**Activity:**
Lower down are entries containing pictures. Copy exactly, without those pictures, the lines from the line with "popibutik Kadın Kuşaklı" through the line with "九一人才網(wǎng)是20".

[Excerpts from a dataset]
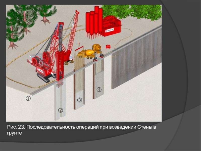 Слайд 32Рис. 23. Последовательность операций при возведении Стены в грунте
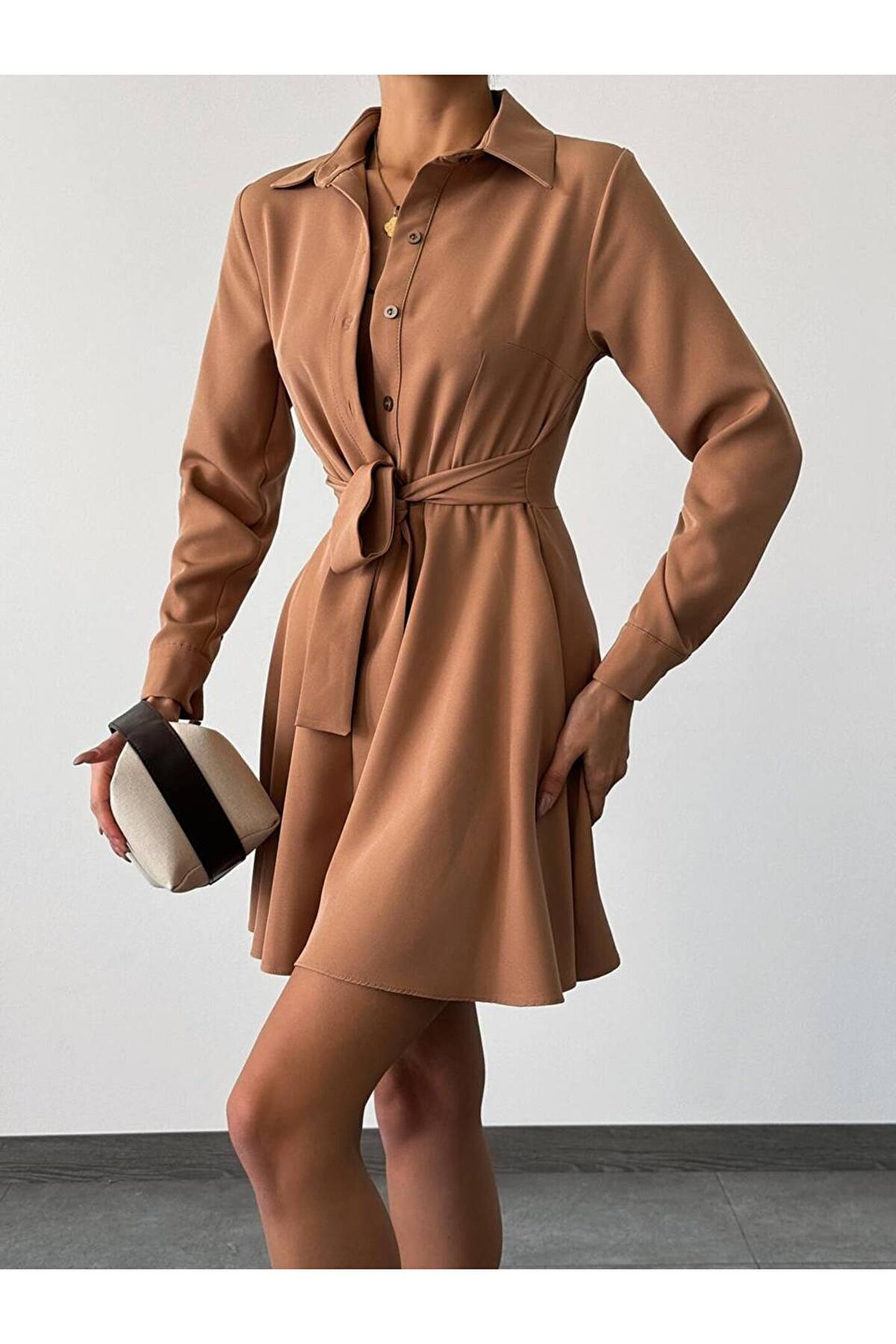 popibutik Kadın Kuşaklı Atlas Kumaş Mini Gömlek Elbise
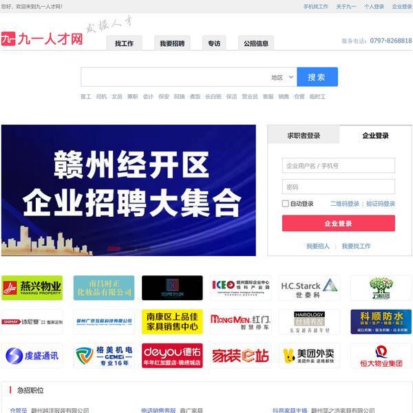 九一人才網(wǎng)是2003年在贛州本土創(chuàng)建的專業(yè)人才招聘網(wǎng)站,目前有簡歷數(shù)100多萬,企業(yè)數(shù)10萬多。輻射市區(qū)、開發(fā)區(qū)、南康區(qū)、贛縣區(qū)、蓉江區(qū)、瑞金、信豐、龍南、大余、于都、興國、崇義、寧都、安遠、尋烏、石城、會昌、定南、全南、上猶等省內(nèi)其他城市。
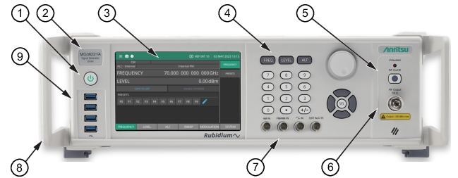 1. Power Button: Press the power button to power the signal generator on and off. Standby (off) is indicated by the white illuminated power button; Operate (on) is indicated by the green illuminated power button. 2. Model Identification Label: Identifies the model type and frequency range. 3. LCD Display: The LCD display provides information about the current status of the MG362x1A in a menu display format. This information includes the operating mode of the instrument and the value of the active frequency and parameters. The display functions as a touch-screen interface to provide access to graphical button controls and additional setting menus. 4. Front Panel Buttons: The front panel buttons provide controls for changing parameter values. 5. RF Output Control Key: The RF output control key turns the RF output power on and off. Output Off is indicated by an orange LED; Output On is indicated by a green LED. 6. RF Output Connector: The RF output connector provides the 50 Ω RF signal output. Before making connections to the RF output connector, see Torque Requirements. 7. Front Panel BNCs: Available with Option 29. Input BNCs are AM IN, FM/ΦM IN, Pulse IN, External ALC IN). 8. Handles: Standard configuration includes handles. 9. USB Interface: Four front panel Type A USB Inputs. |
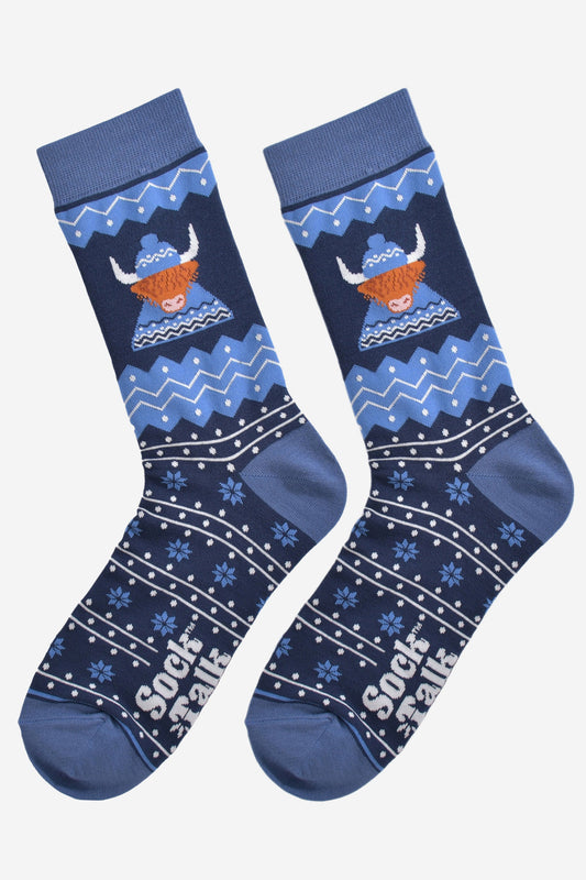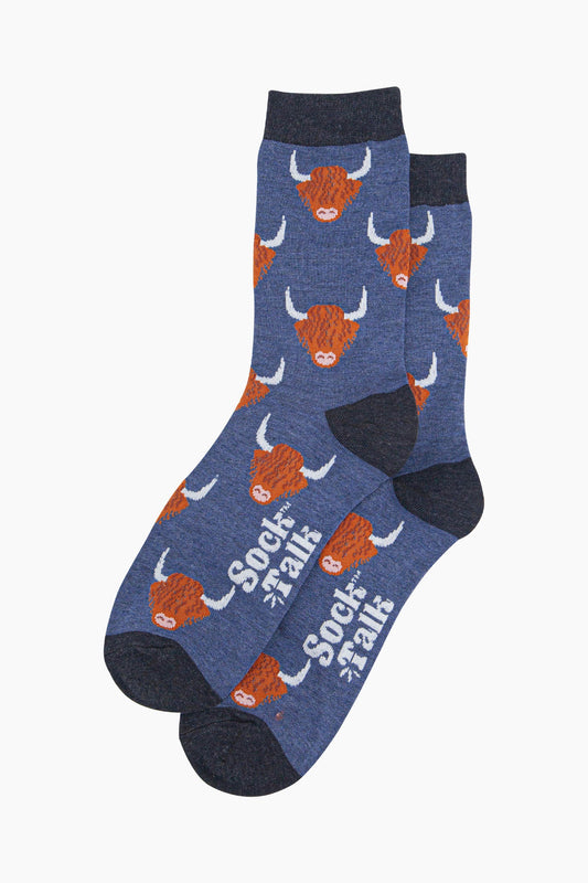 Men's Bamboo Socks - Denim Blue, Highland Cow
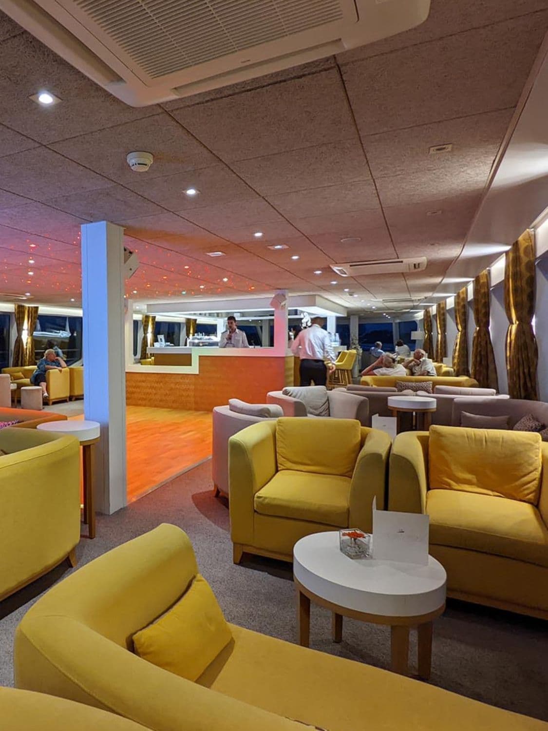 自分の部屋から歩いて2分でバーもレストランも、テラスもあります。そこにはスタッフがいて、飲み物や軽いおつまみを用意してくれます。その感覚は給仕のいるプライベートボートのようなもので、「今だけセレブリティ」(笑)を堪能できます。
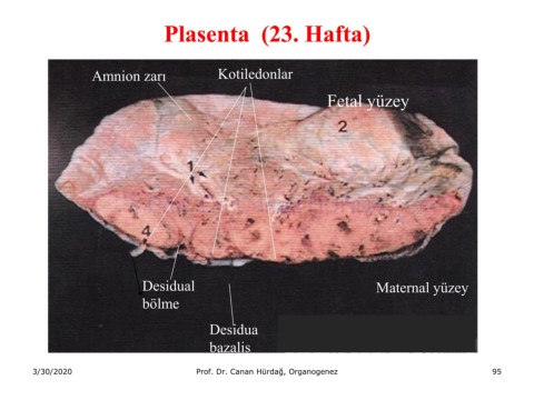 Plasenta (23. Hafta) Amnion zarı Kotiledonlar Fetal yüzey Prof. Dr. Canan HURDA Desidual Maternal yüzey bölme Desidua bazalis 3/30/2020 Prof. Dr. Canan Hürdağ, Organogenez 95
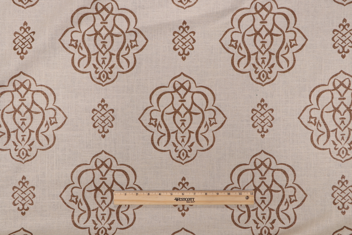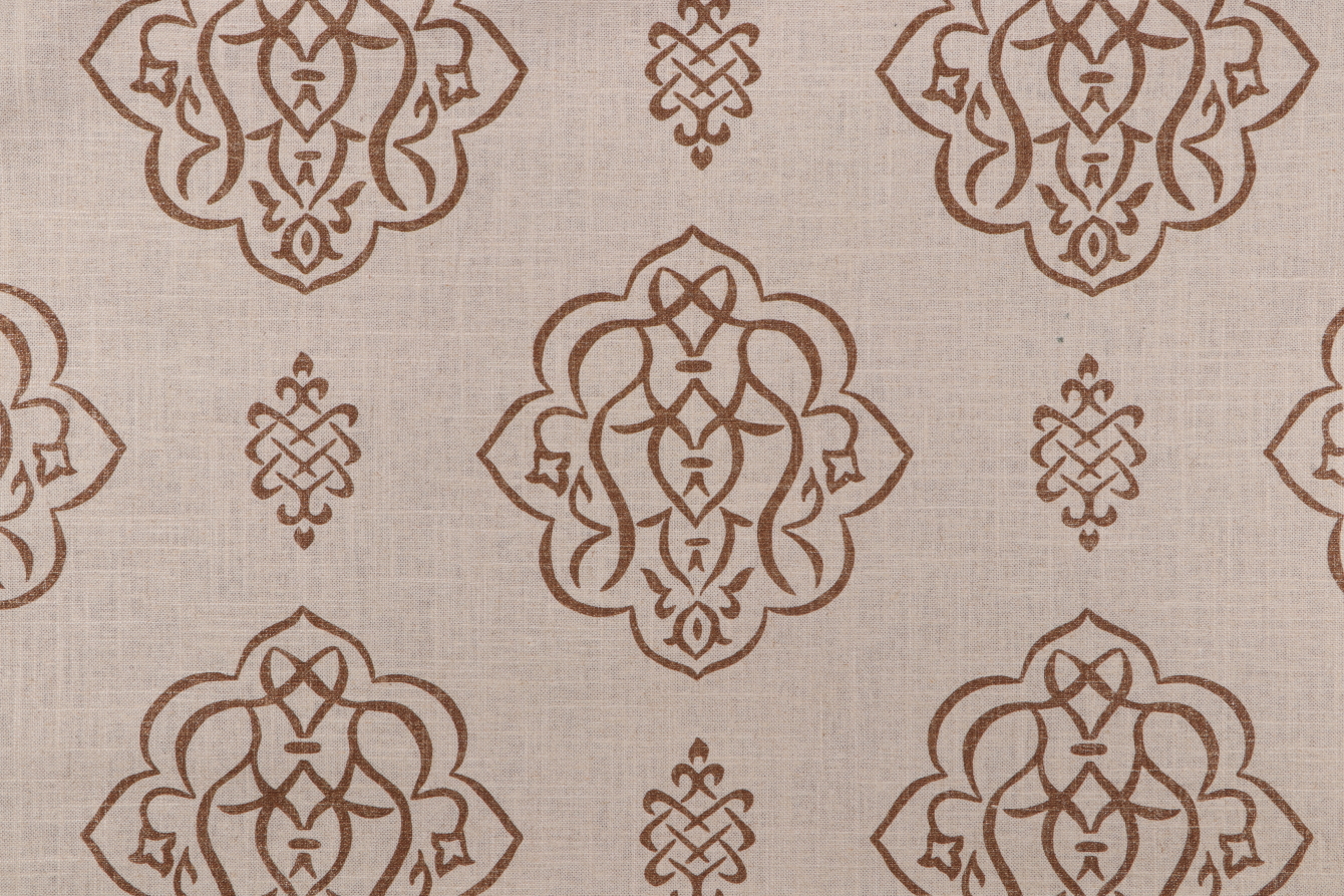 Fabricut Vern Yip Trend #4 Medallion Damask Metallic Printed Linen Drapery Fabric in Umber Details

**Output for this task:**
 popibutik Kadın Kuşaklı Atlas Kumaş Mini Gömlek Elbise
 九一人才網(wǎng)是2003年在贛州本土創(chuàng)建的專業(yè)人才招聘網(wǎng)站,目前有簡歷數(shù)100多萬,企業(yè)數(shù)10萬多。輻射市區(qū)、開發(fā)區(qū)、南康區(qū)、贛縣區(qū)、蓉江區(qū)、瑞金、信豐、龍南、大余、于都、興國、崇義、寧都、安遠、尋烏、石城、會昌、定南、全南、上猶等省內(nèi)其他城市。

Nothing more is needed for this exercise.